We were located in an especially beautiful area of St. Louis, just off Wydown boulevard. One of the prettiest pictures we have of Mary Ann is of her face in the middle of a flowering Crabapple in full bloom in the wide median of the bouldevard. Just north of us were huge homes of the very wealthy. There was a nice Jewish deli and grocery near the apartment, which for some reason did not have a pound of bacon when I went there to get it. I wonder what that was about?? The Velvet Creme Ice Cream store was not far, so we were all right in that regard.
About two weeks after we were married, I came home from Clark Peeper Office supplies where I worked part time all three of the Seminary years we were in St. Louis, and I knew immediately when I saw her face what had happened. There were tears streaming down her cheeks. The phone call had come telling her that her Dad just died. He had been suffering from Nephritis (Kidney Disease) for some time, and was very weak but determined to walk her down the aisle at the wedding.
That was a terribly difficult time for everyone, especially all the Mizel family. Mary Ann was very close to her Dad. She and her Mom were just enough alike that they were sometimes at odds with one another. While Mary Ann could never seem to please her Mom, she was the apple of her Dad’s eye. It was hard for Mary Ann to deal with that so far away from the rest of the family.
Getting married was very good for my grades. They shot up to what I had been accustomed to getting almost immediately. I remember that the first summer we were married was very lonely. Since there were almost no other married students staying in St. Louis for the summer, and we knew no one else. We spent many a lonely Friday evening wishing we had friends to do things with.
That summer also included one of the best experiences we had in our years with each other. It turned out to be the honeymoon of our dreams. More about that tomorrow.
Today began with an early walk again. It is encouraging that I was able to actually appreciate the beauty of the cool morning, the clouds, the birds. Each morning that I have walked, there have been some moments without pain, moments that at least suggest the possibility of some level of healing some time in the future.
I came back to do the usual morning chores, providing a bit of order to my day. I ran to the bank for a moment, but otherwise worked on thank you notes. It is a slow process, but satisfying. It draws me into a sense of community and belonging as I think about the people in the stands who have been cheering us on especially during the last years of our journey together.

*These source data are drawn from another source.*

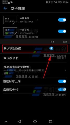 2)随后我们在点击进入【双卡管理】功能,最后点击默认移动数据旁边的按钮就选择要设置的上网SIM卡即可。(如下图)
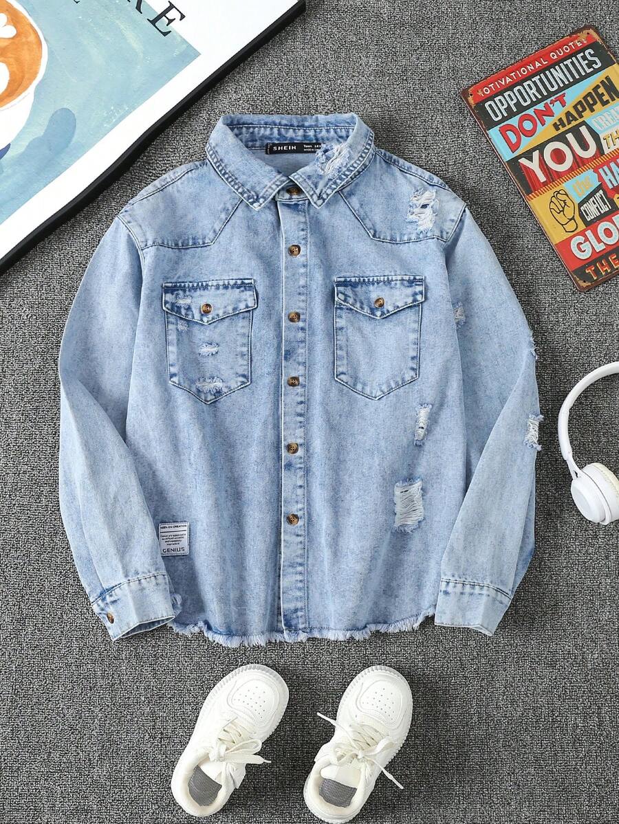 Teenage Boys' Casual Street Style Ripped Denim Jacket
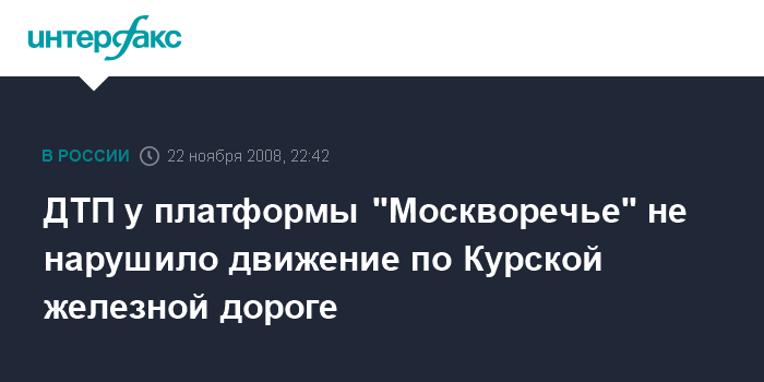 ДТП у платформы "Москворечье" не нарушило движение по Курской железной дороге
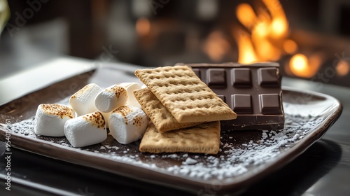 A delicious spread of chocolate, marshmallows, and crackers, perfect for a cozy night in. The warm glow of candlelight creates a inviting atmosphere.
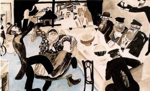 "Еврейская свадьба" (после 1910). Сцены повседневной жизни доказывают, сколь последовательно Шагал избегал академизма: в его глазах "Сезанн, Мане, Моне, Матисс и другие это всего лишь законодатели мод".
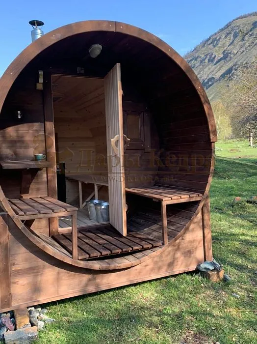 При выборе бани под ключ, прежде всего, нужно отталкиваться от личных желаний. Какое строение вы хотите видеть у себя на участке: классического вида или более оригинальной и нестандартной бочкообразной формы. Благодаря закругленной форме парилка быстро нагревается и долго сохраняет тепло. А отсутствие углов способствует правильному распределению пара. Незначительным минусом такой парной является небольшая ширина - максимальный размер 2,3 метра.

Eddie came, picked me up, and we headed to the Red Lobster for lunch. Eddie lost his wife to Alzheimer’s many years ago. He is now very happily married again to a favorite of Mary Ann and me, Carol. Eddie has been helpful to me whenever we have talked. He has questions that help me process what we have been through as I try to respond and make sense of it. The common experience makes it far easier to trust and be open about what went on and how each of us dealt with it.
I returned to meet with a furnace installer to arrange for an upgrade to a high efficiency unit with a segback thermostat. That will be installed about a month from now. The afternoon and evening has again brought with it more of the painful moments. I have chosen to try to keep from winding down into the deep sadness that has a steady presence in me. It was a little difficult to keep the sadness at baywhen looking at pictures that helped me remember some of the details of the wedding. That was so long ago. Both Mary Ann and I have commented that we had the sensation that we were looking over our own shoulders watching ourselves go through the motions at the wedding.
For now, I hope to get to bed a little early and get to sleep. The mornings are better and the evenings worse, so my goal is to shorten the evenings and lengthen the mornings.